アウト*サイダー

「だって、私が寂しがって我が儘を堀江君にぶつけても迷惑なだけだろうし……うざがられるのも嫌なんだもの」

 シュン……と項垂れるハルちゃん。浮き輪の上で両腕を組んで、そこに頭を乗せる。その悩ましげな表情は、同性の私をも悩ませるくらい色っぽくてドキドキした。
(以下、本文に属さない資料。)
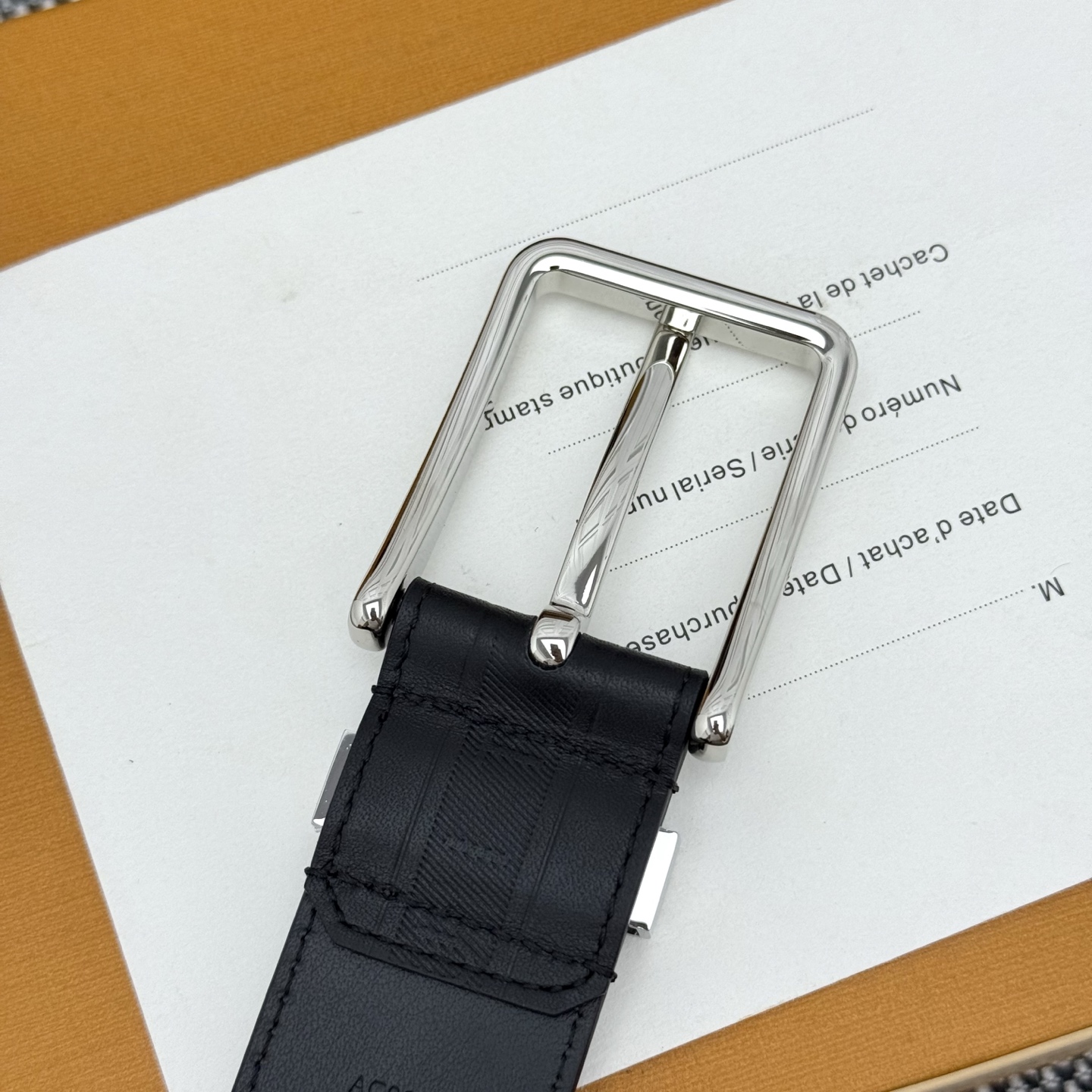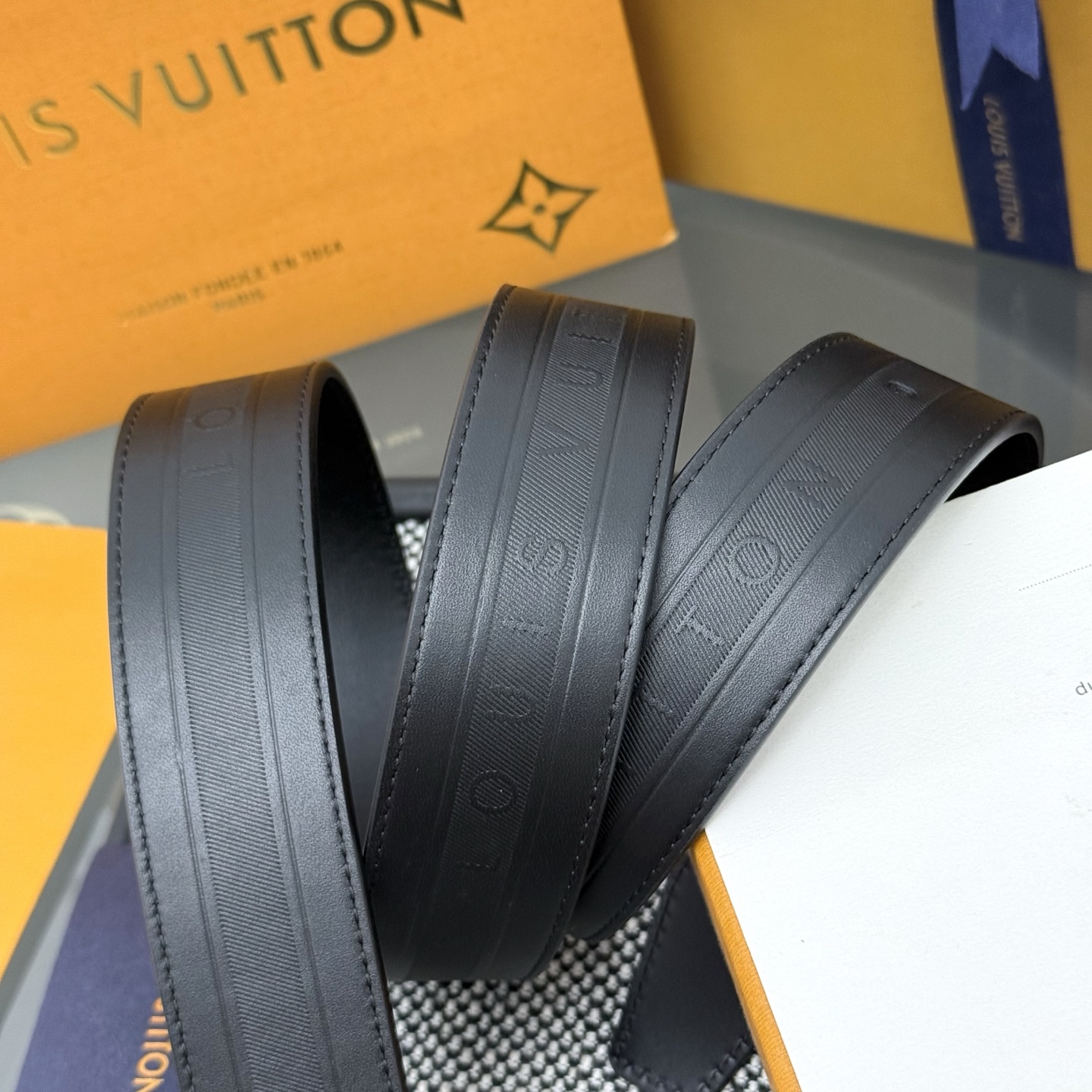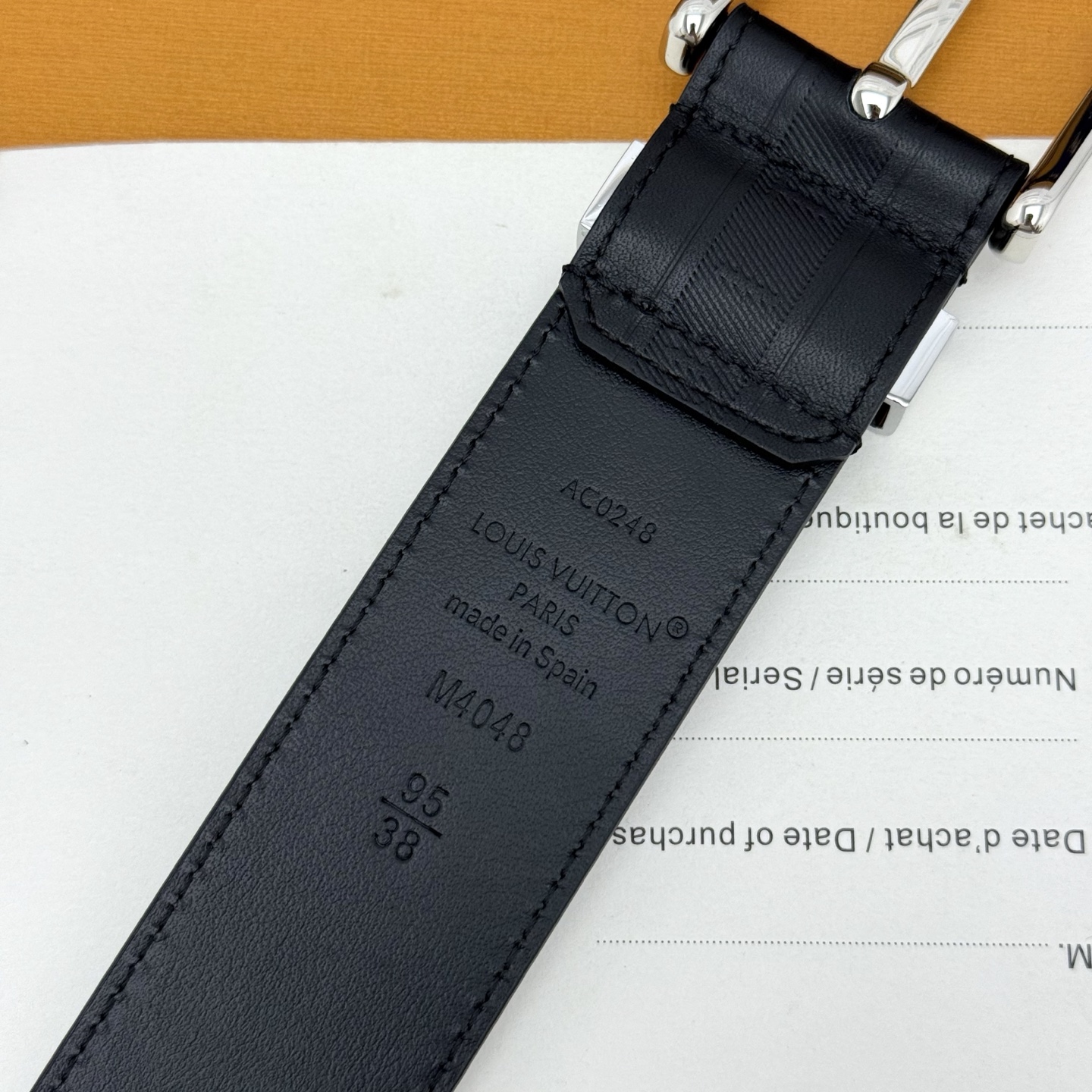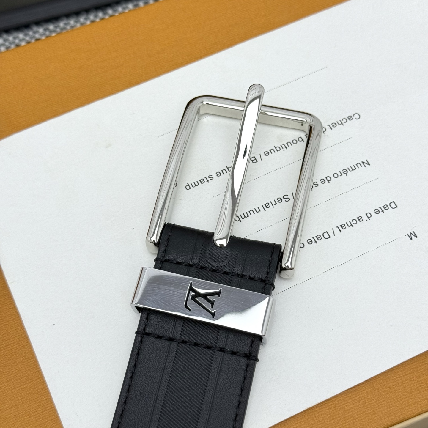 Heritage Italian original factory leather belt is made of grained and smooth leather, featuring a brushed metal curved buckle that highlights an elegant style. An LV decorative pin adorns the end, making it suitable for pairing with formal attire. Width: 3.5cm

「その可愛い顔で『行かないで』って言ってみ? 王子の爽やかスマイルが秒で剥がれ落ちるだろうから」

 クククっと笑う私に、ハルちゃんはからかわないでと頬を膨らませる。割と冗談ではないのに。

「そう言うハスミちゃんは?」

 反撃だとばかりに目を輝かせる彼女に、今度は私がたじろぐ。

「初デートの詳しい感想、まだ教えてもらってないよ?」

 ジリジリと迫り来るハルちゃん。私は「あー、ね。うん、まぁ……」と言葉を濁して、そのまま、バタ足して彼女から逃げた。

 水飛沫が上がる。ハルちゃんが天使みたいに笑って追いかけてくる。その内に、足を着けて走り出した私達。水の流れが追い風みたいになって加速させる。

 私も、ハルちゃんも、バカみたいに笑ってはしゃぐ。二人ともテンションがバカになっているんだ。

 恥ずかしいような気もするけれど、楽しいんだから仕方ない。楽しむしかない。楽しまなきゃ損だ。